- Born: Kalal Laxma Goud 21 August 1940 (age 86) Nizampur, Medak, Hyderabad State (now Telangana, India)
- Known for: Painting
- Awards: Padma Shri

= Laxma Goud =

Indian artist

Kalal Laxma Goud (born 21 August 1940) is an Indian painter, printmaker and draughtsman. He works in variety of mediums including etching, gouache, pastel, sculpture, and glass painting. He is best known for his early drawings that depict eroticism in a rural context, and also for the originality and quality of his etchings and aquatints.
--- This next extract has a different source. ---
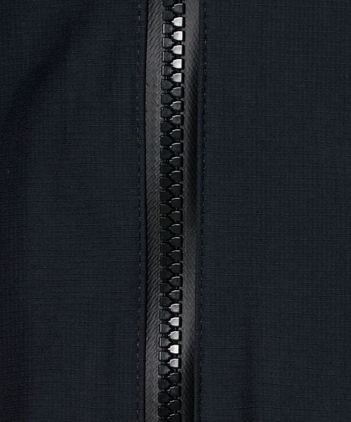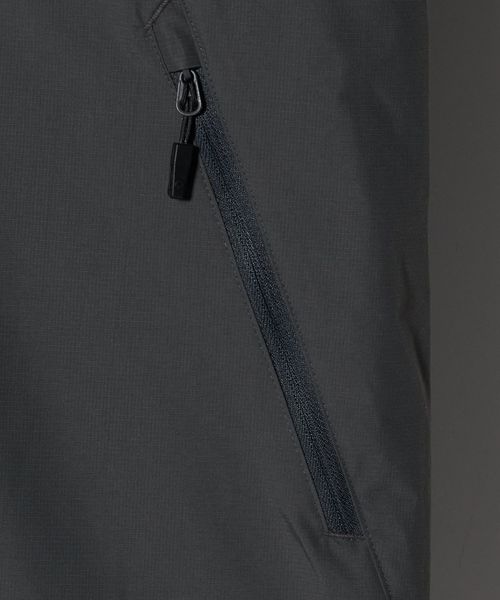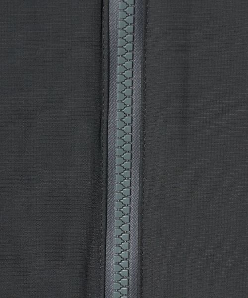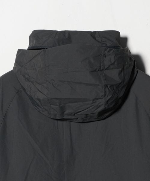 スタンド襟にはフードの収納された仕様になっており、天候によってスタイルを変えて着用いただけます。

== Early life and education ==
Laxma Goud was born in Nizampur, Medak district, Hyderabad State to Venka Goud and Anthamma. He was one of five sons and two daughters in his family. His childhood was spent in a village environment, where he grew up keenly aware, through firsthand observation, of rural tradition and craft. When he was a young boy he watched Andhra leather puppetry and the creation of terracotta ornamentation. As he grew older he studied drawing and painting at the Government College of Fine Arts and Architecture, Hyderabad. Goud went on to study Mural Painting under K.G. Subramanyan at the Faculty of Fine Arts, Maharaja Sayajirao University of Baroda from 1963 to 1965. It was at Baroda that Goud discovered his love of printmaking, and became a driving force at the university in building a strong and credible voice for the fine art print.

==Career==
After graduation, Goud made the unlikely step of returning to his village of Nizampur. With the newly educated viewpoint of an urban sophisticate, the artist found himself attracted to the unselfconscious attitudes toward sexuality that contributed to the relaxed atmosphere of village life. This relaxed sexuality stood in stark contrast to the rigid sexual mores of the Indian middle-classes he had encountered in the cities.

==Style==
Laxma Goud began to interpret his childhood memories of rural and tribal vivacity through an urban grid in which surreal, libidinal tones mingled with fantasy and poetry. He created masterful small paintings of village life in a palette of monochrome grays. He also drew in pen and ink, and his drawings and etchings from this period are an interesting combination of village nostalgia, the surreal, and the erotic. The artist is quoted as saying about this period of visual-erotic exploration, "We come from a culture which spoke openly about the man-woman relationship, about fertility. When it recurs in a contemporary context, why should anyone pull a face?"

Goats, full-uddered, became a signature motif. These goats are not just symbols of rural India. In Goud's words, "No one cares for a goat except perhaps for the artist who sees in the creature the dogged determination of a people who have learnt to live off their landscape by foraging for what they can get out of it."

By the 1970s Goud began to explore aquatint techniques in his etchings and also more intensely sexual themes. But by the 1980s the artist seemed to return to more traditional roots, exploring various craft forms such as terracotta and reverse glass painting in a more subdued and decorative style.

He is the head and teacher at Sarojini Naidu School of Performing Art, Fine Art & Communication, University of Hyderabad.

==Awards==
The Government of India honoured him with Padma Shri in 2016.